Сначала на вопрос мой, где дневники с 1900 года, Лев Ник. мне быстро ответил, что у него. Но когда я их просила показать, он замялся и сознался, что они у Черткова. Тогда я спросила опять: «Так где же дневники твои, у Черткова? Ведь может быть обыск и все пропадет? А мне они нужны как материал для моих „Записок“». – «Нет, он принял свои меры, – отвечал Л. Н., – они в каком-то банке». – «Где? в каком?» – «Зачем тебе это надо знать?» – «Как, ведь я самый тебе близкий человек, жена твоя». – «Самый близкий мне человек – Чертков, и я не знаю, где дневники. Не все ли равно?»
Правду ли говорит Лев Николаевич? Кто его знает; все делается скрытно, хитро, фальшиво, во всем заговор против меня. И давно он ведется, и не будет этому конца до смерти несчастного, опутанного дьяволом Чертковым старика.

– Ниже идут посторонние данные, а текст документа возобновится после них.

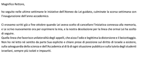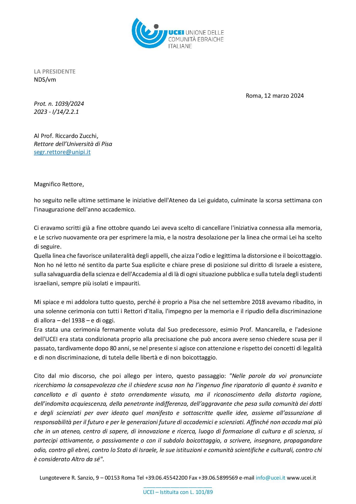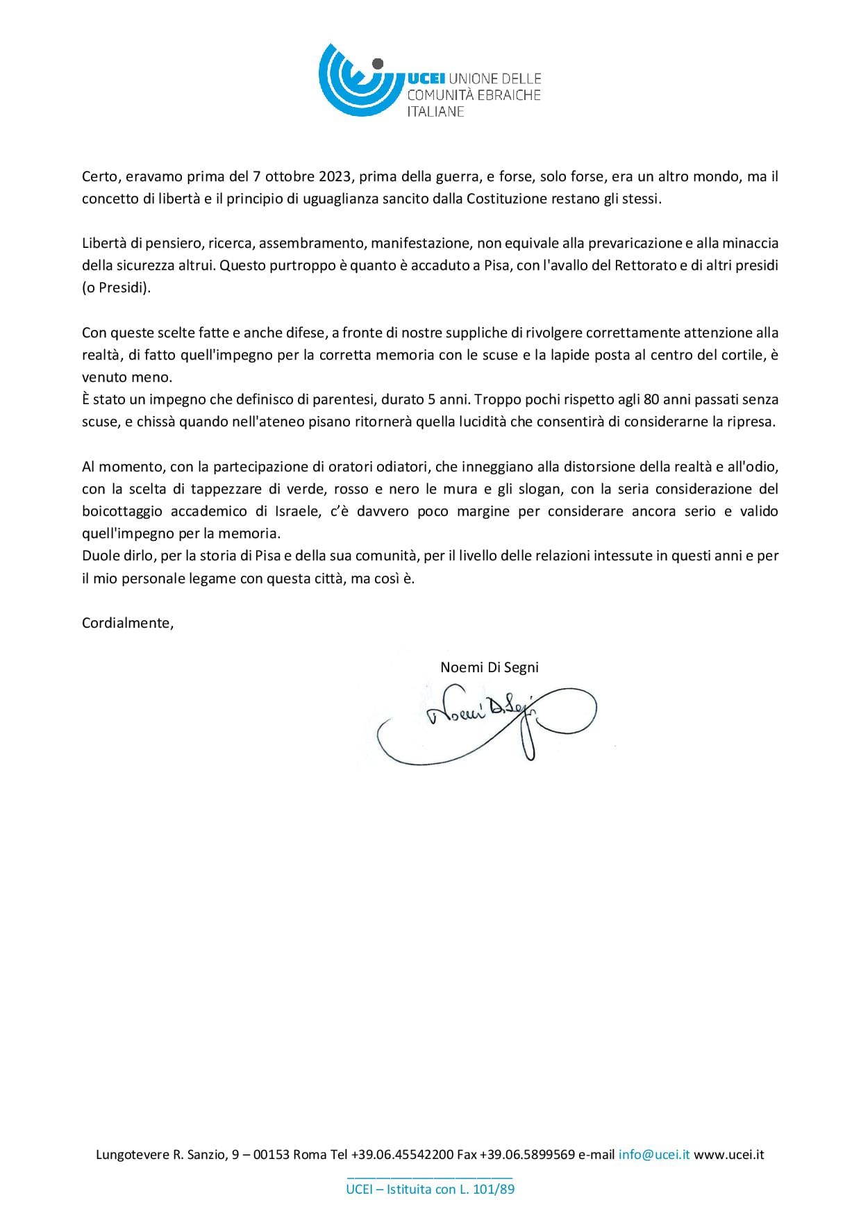 Le comunità ebraiche contro l’Università di Pisa «per la linea che favorisce unilateralità degli appelli, aizza l’odio e legittima la distorsione e il boicottaggio». A usare queste parole forti è la presidente dell’Unione delle Comunità ebraiche Noemi Di Segni in una lettera al rettore Riccardo Zucchi dopo l’intervento di Anas Khalil, studente italopalestinese e figlio dell’imam cittadino, alla cerimonia inaugurale dell’anno accademico, a inizio marzo, che aveva detto che «siamo di fronte a un genocidio in potenza» per i palestinesi. «Non ho letto né sentito sue esplicite prese di posizione sul diritto di Israele a esistere — dice Di Segni rivolgendosi al rettore —, sulla salvaguardia della scienza e dell’Accademia e sulla tutela degli studenti israeliani, sempre più isolati e impauriti». Poi aggiunge che «è venuto meno» quell’impegno portato avanti dalla cerimonia universitaria nel corso della quale, cinque anni fa, venne posta una lapide al centro del cortile de La Sapienza per ricordare la firma delle leggi razziali. Secondo Di Segni quell’impegno è stata «una parentesi durata 5 anni: troppo pochi rispetto agli 80 passati senza scuse e chissà quando nell’ateneo pisano ritornerà quella lucidità che consentirà di considerarne la ripresa». Riguardo alla cerimonia di inaugurazione dell’anno accademico, il rettore ha replicato a Di Segni dicendo che, «dopo gli eventi in cui manifestazioni studentesche sono state interrotte con l’uso della forza, abbiamo sentito il bisogno di dimostrare che l’università è un luogo aperto alla libera e pacifica espressione delle opinioni, anche su temi delicati e divisivi. Per tale ragione è stato offerto uno spazio a gruppi studenteschi che in questi mesi e su varie questioni avevano presentato mozioni che verranno discusse nella riunione straordinaria del Senato accademico in programma il 14 marzo. Il gruppo Rompere l’Assedio ha accettato l’invito e un suo rappresentante, designato dal gruppo stesso, ha effettuato l’intervento a cui fa riferimento». Riguardo invece alla tutela degli studenti israeliani per cui Di Segni ha espresso preoccupazione, «gli studenti di origine israeliana, ebraica, palestinese e di ogni altra etnia o religione sono parte a pieno titolo della comunità universitaria pisana». E poi: «Peraltro durante la cerimonia di inaugurazione ho ribadito il mio sgomento per la strage dei civili israeliani dell’ottobre scorso e per la strage dei civili palestinesi attualmente in atto a Gaza, e in passato più volte abbiamo unito la voce del nostro ateneo a tutte le voci che chiedono l’immediato cessate il fuoco e la liberazione degli ostaggi». Sul tema è intervenuto anche il console onorario di Israele Marco Carrai, che a suo dire sarebbe stato escluso dalla possibilità di parlare oggi al Senato Accademico in supporto di una mozione presentata per denotare la paura degli studenti ebrei e israeliani e di alcuni professori nel frequentare l’Università: «Il rettore — ha detto Carrai — mi ha risposto che nessun esterno può parlare al Senato Accademico dell’Università», eppure «all’indomani delle polemiche scaturite dall’intervento dello studente, aveva fatto un comunicato per dichiarare l’apertura a interventi esterni al fine di approfondire la tematica». Secca la replica del rettore: «La mozione sarà discussa alla presenza di tre persone interne all’università che l’hanno presentata, così prevede il regolamento, il console Carrai è invitato a venire a trovarmi quando vuole».

Я, кажется, обдумала, что мне надо делать. На днях, до отъезда Льва Ник. к Черткову, он негодовал на нашу жизнь, и, когда я спросила: «Что же делать?» – он негодующим голосом кричал: «Уехать, бросить все, не жить в Ясной Поляне, не видать нищих, черкеса, лакеев за столом, просителей, посетителей – все это для меня ужасно!»
Я спросила: «Куда же теперь нам, старикам, уехать?» – «Куда хочешь: в Париж, в Ялту, в Одоев… Я, разумеется, поеду с тобой».
Слушала я, слушала всю эту гневную речь, взяла 30 рублей и ушла; хотела ехать в Одоев и там поселиться.
Была страшная жара, добежала до шоссе, задохнулась от волнения и усталости, легла возле ржи в канаву на травке.
Слышу, едет кучер в кабриолете. Села, обессиленная вернулась домой. У Льва Никол. на короткое время сделались перебои в сердце. Что тут делать? Куда деваться? Что решать? Это был первый надрез в наших отношениях.
Приехала домой. Опять тяжесть жизни. Муж сурово молчит, а тут корректуры, маляры, приказчик, гости, хозяйство… Всем надо ответить, всех удовлетворить. Голова болит, что-то огромное, разбухающее распирает голову, и что-то напухшее, сдавливающее – в сердце.
И вот сегодня вечером, обходя раз десять аллеи в саду, я решила без ссор, без разговоров нанять угол в чьей-нибудь избе и поселиться в ней, бросив все дела, всю жизнь, стать бедной старушкой в избе, где дети, и их любить. Надо попробовать.
Когда я стала говорить, что на перемену более простой жизни с Льв. Ник. я не только готова, но смотрю на нее как на радостную идиллию, только прошу указать, где именно он хотел бы жить, он сначала мне ответил: «На юге, в Крыму или на Кавказе…» Я говорю: «Хорошо, поедем, только скорей…» На это он мне начал говорить, что прежде всего нужна доброта.